Kesan keberadaan di mana-mana—berada di mana saja pada saat yang sama—diwujudkan sebagian karena kebebasan kamera untuk berpindah dari satu tempat ke tempat lain atau mendekat atau mundur secara instan. Yang tidak kalah penting dalam ilusi keberadaan di mana-mana ini adalah efek yang dicapai melalui penyuntingan, yang memungkinkan gambar-gambar yang tak terhitung jumlahnya mewakili aksi yang panjang dan rumit disajikan dalam film atau rangkaian yang relatif pendek, seperti yang dicontohkan pada pembukaan The Battle of Algiers. Otoritas geografis dan temporal dari gambar tersebut bahkan memungkinkan kredibilitas diberikan pada rangkaian yang mewakili masa lalu, masa depan, dan mimpi.
Kekhususan
Karakteristik lain yang sama pentingnya dari gambar film dapat dibedakan. Salah satunya adalah kekhasannya. Bahasa kata-kata cocok untuk generalisasi dan abstraksi. Kata-kata seperti man atau house tidak berarti laki-laki tertentu atau rumah tertentu, melainkan laki-laki dan rumah secara umum, dan istilah-istilah yang lebih abstrak seperti cinta atau ketidakjujuran memiliki kaitan yang kurang tepat dengan hal-hal spesifik. Sebaliknya, film hanya menampilkan hal-hal tertentu—seseorang atau rumah tertentu. Dengan cara ini, sebuah gambar film mungkin tidak terlalu ambigu dibandingkan dengan bahasa kata-katanya, namun juga kurang menggugah, dan kecil kemungkinannya untuk diperkaya oleh imajinasi, asosiasi, atau ingatan. Meskipun memiliki kekhususan, gambar bergerak mungkin juga bersifat ambigu karena ia menunjukkan namun tidak menjelaskan. Gambar tersebut tidak dengan sendirinya menjelaskan apa artinya, dan orang secara naluriah mencari makna dalam gambar. Inilah sebabnya mengapa komentar dianggap penting dalam menentukan makna yang tepat dalam film pendidikan.
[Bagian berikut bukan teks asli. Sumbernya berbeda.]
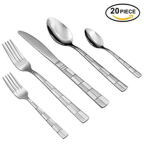 20-piece flatware set with service for 4. Set includes 4 each: place knife, place fork, place spoon, salad/dessert fork, and teaspoon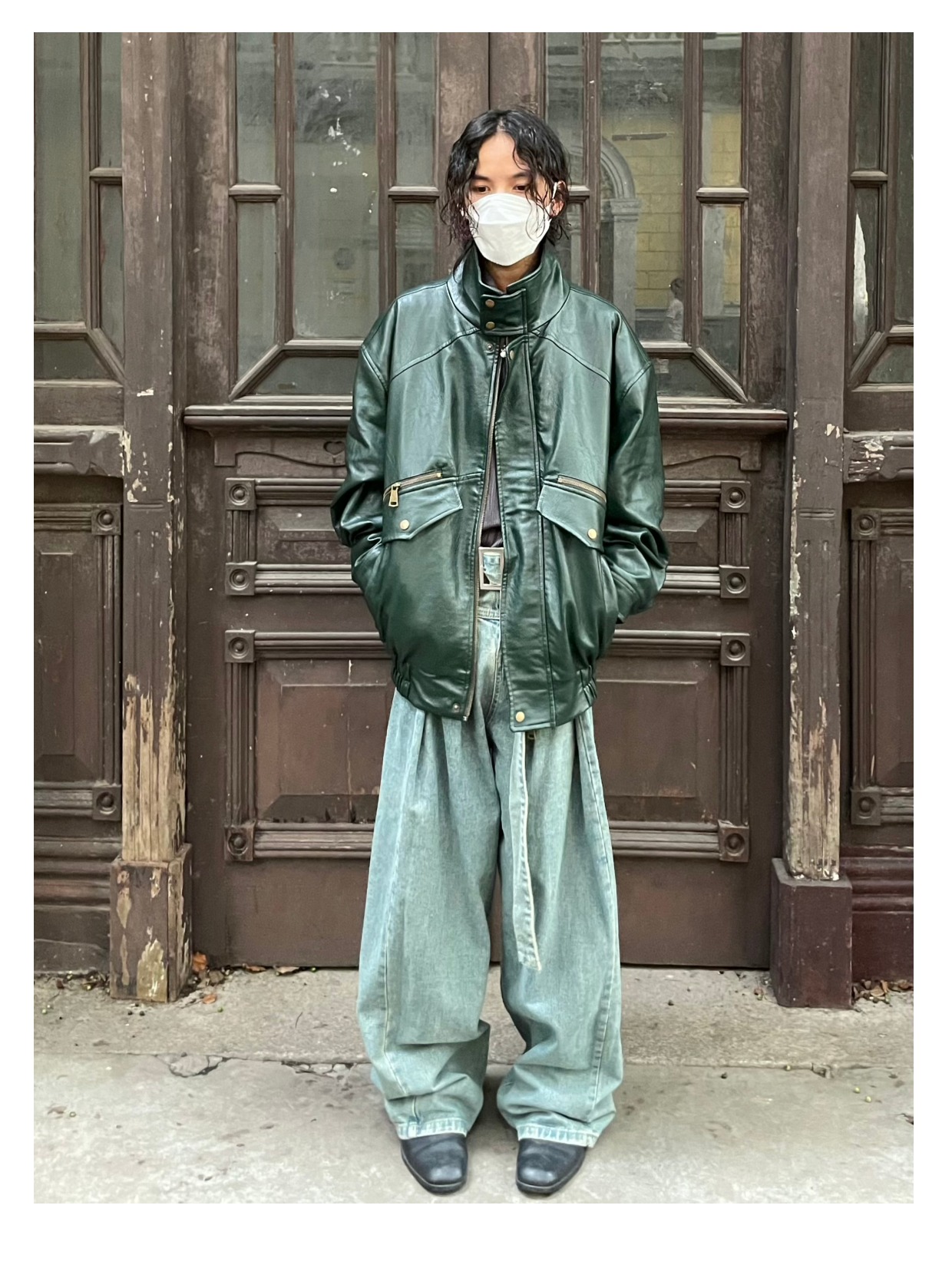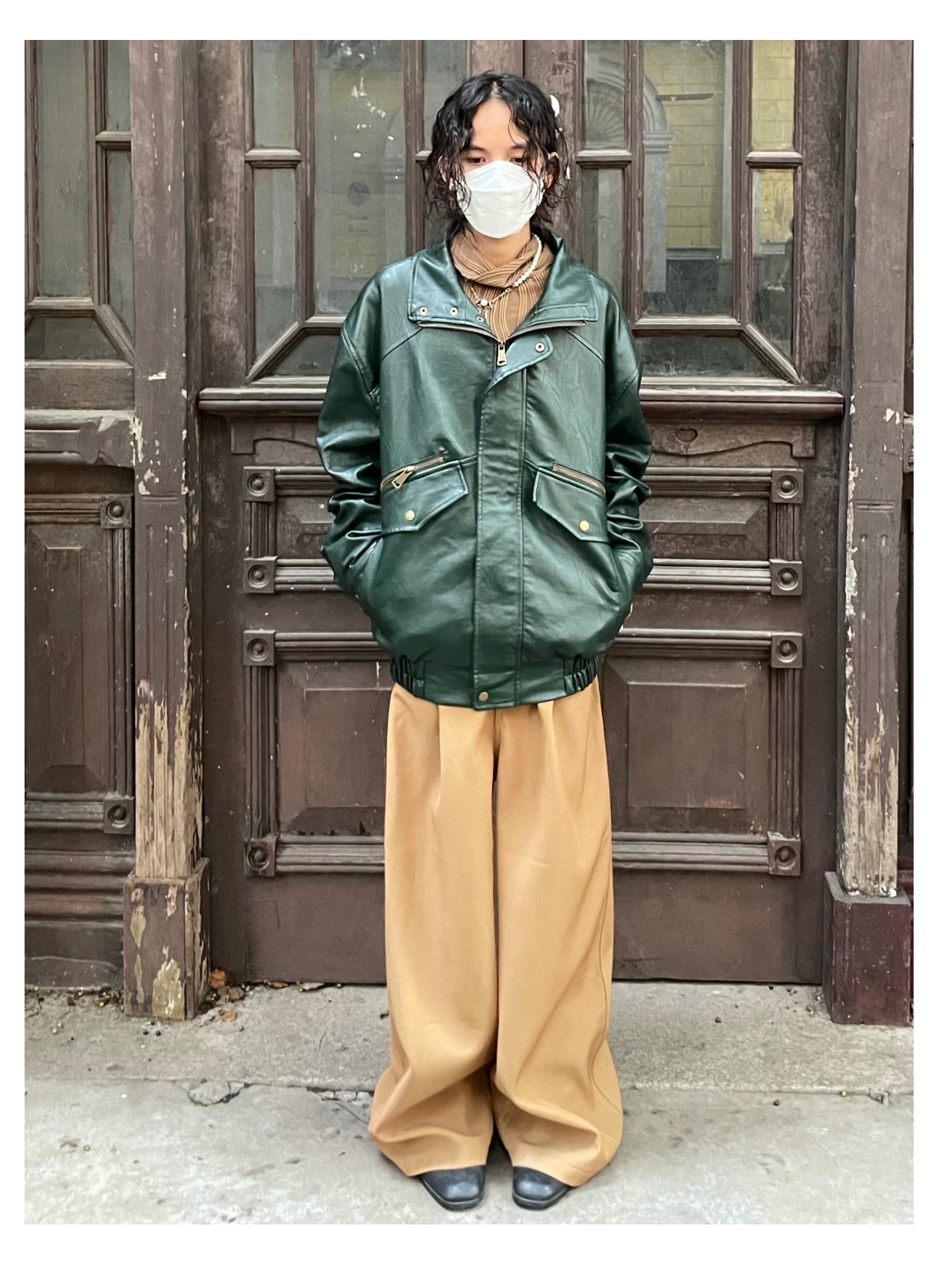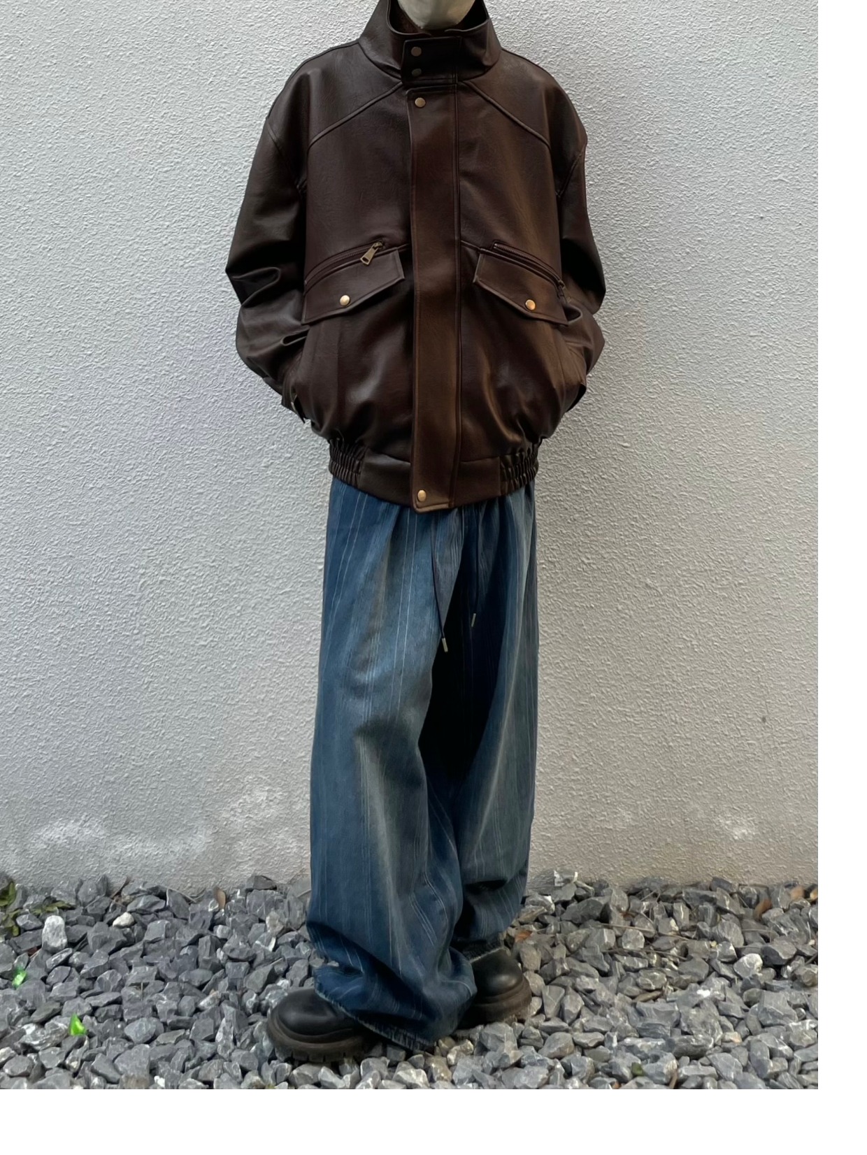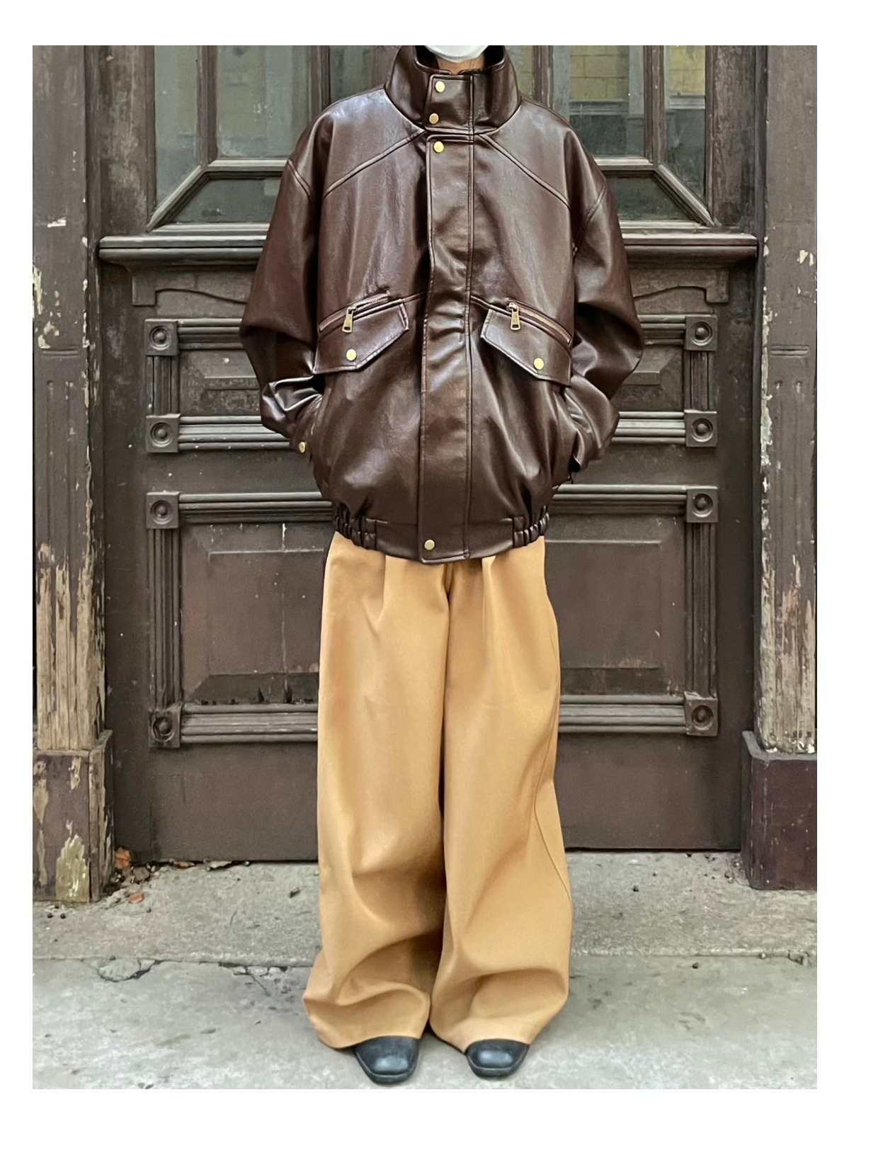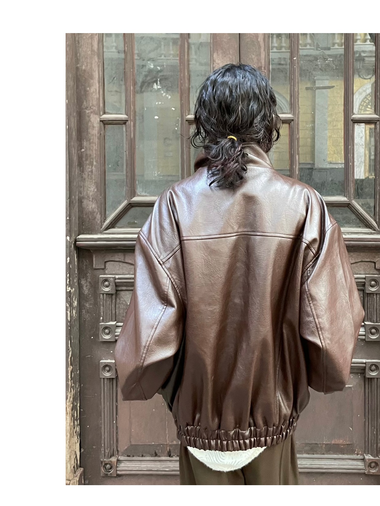 Stand Neck Oversize Windproof PU Leather Jacket WN19987

Di sisi lain, banyak film dokumenter yang menggugah, mulai dari Nanook of the North (1922) karya Robert Flaherty hingga Fast, Cheap & Out of Control (1997) karya Errol Morris, menolak komentar, sehingga memaksa penonton untuk melihat pemandangan spesifik yang luar biasa dan tidak dapat diterjemahkan. suara yang mereka kumpulkan. Desakan tertentu terhadap objek yang difoto juga menjelaskan mengapa penjajaran montase begitu efektif—penonton secara kompulsif mencari alasan di balik rangkaian gambar tertentu.
Kenetralan
Ciri lain dari gambar film adalah netralitasnya. Dunia yang dilihat orang di sekitar mereka sangat dipengaruhi oleh emosi dan minat mereka. Seorang tukang ledeng yang memperbaiki pipa di museum mungkin tidak melihat karya agung di sekitarnya, sementara orang yang marah mungkin mendengar hinaan yang sebenarnya tidak dimaksudkan. Namun, kamera dan mikrofon dianggap mereproduksi gambar dan suara tanpa perasaan. Meskipun fokus, arah, dan faktor teknologi lainnya membatasi apa yang dapat dilihat dan didengar, penonton siap untuk percaya bahwa film itu sendiri bukan manusia atau bahkan manusia super dalam penerimaan informasi yang pasif. Pengadilan, misalnya, lebih cenderung menerima film sebagai bukti suatu kejadian seperti perampokan bank dibandingkan menerima sketsa seniman atau laporan jurnalis tentang kejadian yang sama. Ketika sebuah film tampak sarat dengan emosi, hal ini biasanya terjadi karena sutradara telah memanipulasi gambar dengan hati-hati untuk memberikan ilusi tersebut. Dalam kehidupan sehari-hari, mata mengikuti pikiran; di bioskop, pikiran mengikuti mata.
Karakteristik lingkungan
Ada empat ciri yang dapat ditekankan sebagai faktor yang membedakan medium gambar bergerak, baik derajat maupun jenisnya, dengan medium karya seni lainnya: luminositas, gerak, realisme, dan montase.
Kilau
Kecerahan intens dari gambar yang diproyeksikan oleh cahaya kuat ke layar berlapis dengan sendirinya mengubah elemen realitas yang paling biasa. Daya tarik gambar bercahaya dibuktikan dengan upaya pengiklan untuk mencapai efek bercahaya dalam poster dan pajangan. Luminositas gambar bergerak juga menghasilkan rentang nada yang cukup luas, antara sorotan paling terang dan warna hitam paling pekat. Oleh karena itu, dalam film hitam-putih dan berwarna, gradasi gambar yang paling halus dimungkinkan.